Well we don’t disclose numbers, but you are looking at nearly 25% savings. To give you some example of costs, we launched the INSAT 3DR (a heavy communication satellite) on GSLV Mark II. Previously, when we have launched the same class of satellite through Ariane, you can say that for the launch cost of that we are now able to make both the launcher and the satellite. In remote sensing, Low Earth Orbit satellites or even planetary missions, we are doing everything indigenously.

But we still depend on foreign procurement for heavy satellites. For example the GSAT17 is launching end of June from Ariane. In the very near future, this will not be required. The payload on the Mark III with be the GSAT19, a heavy communication satellite with multi-beam capability, a forerunner to our high throughput satellite.

We have been continuously developing both our technology and our capacity. There is a continuous demand for launches for smaller satellites now, both for national missions—navigation, remote sensing, etc—as well as commercial demand globally. So that was and is an opportunity we wanted to take. As you build your capacity, whatever excess capacity is there you can make use of it commercially.

We are right now trying to go from 3-4 launches per year to 10-12, and then 18 launches a year.

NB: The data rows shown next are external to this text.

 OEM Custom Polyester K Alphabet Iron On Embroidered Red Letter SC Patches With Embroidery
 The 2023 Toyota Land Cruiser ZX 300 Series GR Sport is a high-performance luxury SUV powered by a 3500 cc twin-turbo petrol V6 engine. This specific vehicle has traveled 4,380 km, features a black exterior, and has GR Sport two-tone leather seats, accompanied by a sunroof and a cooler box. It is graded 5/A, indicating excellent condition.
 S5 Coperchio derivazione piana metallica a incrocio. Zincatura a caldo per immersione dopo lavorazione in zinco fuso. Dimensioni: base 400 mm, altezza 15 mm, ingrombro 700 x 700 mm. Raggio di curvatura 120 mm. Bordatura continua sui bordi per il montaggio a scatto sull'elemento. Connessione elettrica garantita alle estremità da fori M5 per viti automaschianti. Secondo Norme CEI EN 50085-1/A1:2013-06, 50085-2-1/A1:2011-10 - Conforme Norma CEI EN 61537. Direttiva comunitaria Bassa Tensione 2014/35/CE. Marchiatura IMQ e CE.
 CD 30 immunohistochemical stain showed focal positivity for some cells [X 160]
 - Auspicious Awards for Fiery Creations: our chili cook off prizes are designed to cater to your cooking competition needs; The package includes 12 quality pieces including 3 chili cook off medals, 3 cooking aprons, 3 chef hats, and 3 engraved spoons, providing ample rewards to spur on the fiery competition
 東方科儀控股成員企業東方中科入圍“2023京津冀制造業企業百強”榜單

How difficult will that be?

It’s a significantly difficult process primarily because the supply chain. The industry has to cater to the increased demand. They have to increase their ability to produce more and we are trying to push to make that happen. On the other side, in terms of our launch facility itself, we are trying to overcome the bottlenecks since we have only one launch site.

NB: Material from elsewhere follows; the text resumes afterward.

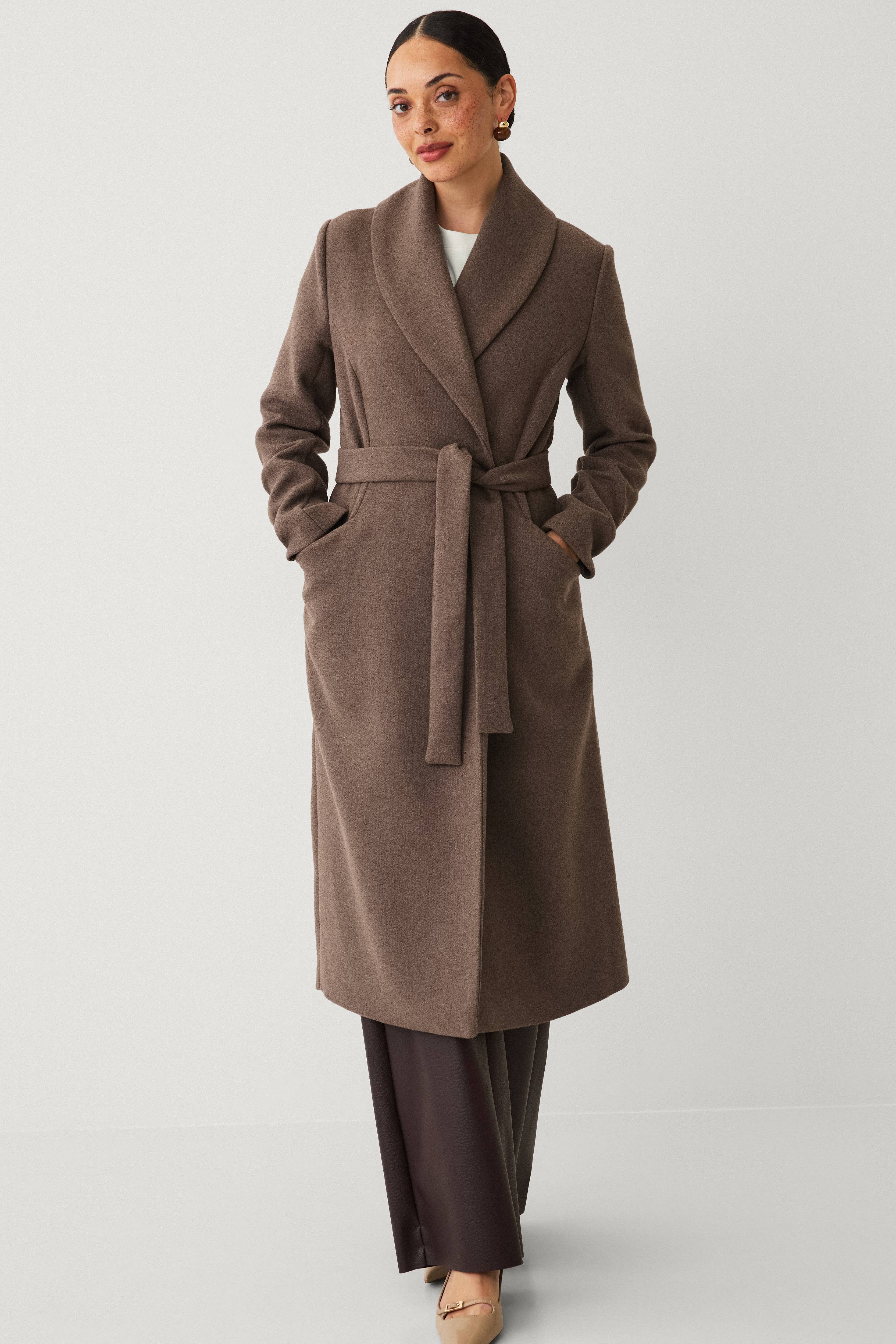 • Fremstillet af filtet uldmiks• Lukning med en skjult trykknap• To lommer• Aftageligt bæltespænde ved taljen• Vævet, glat for• Slids bagpå• Længde: 120 cm i størrelse 36

The minimum gap between two launches we are trying to reduce from 65-70 days to less than 30 days. In fact we are doing that in June. First the Mark III, and then last week of June we will launch a PSLV. In the middle we are also preparing the GSAT17 which will be launched by Ariane, also in June. So this year so far we have done 2 launches, then 2 more in June, then one more GSLV Mark II, and hopefully some more.

And you will begin next year with a moon mission?

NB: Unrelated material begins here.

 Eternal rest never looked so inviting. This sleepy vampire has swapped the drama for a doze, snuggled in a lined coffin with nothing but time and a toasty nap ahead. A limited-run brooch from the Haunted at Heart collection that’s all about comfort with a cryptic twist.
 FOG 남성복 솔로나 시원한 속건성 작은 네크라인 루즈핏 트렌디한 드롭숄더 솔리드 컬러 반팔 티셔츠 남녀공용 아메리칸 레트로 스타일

Yes, first quarter of next year we hope to launch Chandrayan 2. In the previous moon mission we had an uncontrolled descent of the moon impact probe on to the surface. This time we have developed thrusters that can be controlled, so we will have a controlled descent with a rover which can do multiple experiments in situ. We are also working on creating additional space on our launch vehicle to accommodate this capacity, and all of it being developed from scratch. Orbiter, Lander, Rover, all of them are ready and in testing phase.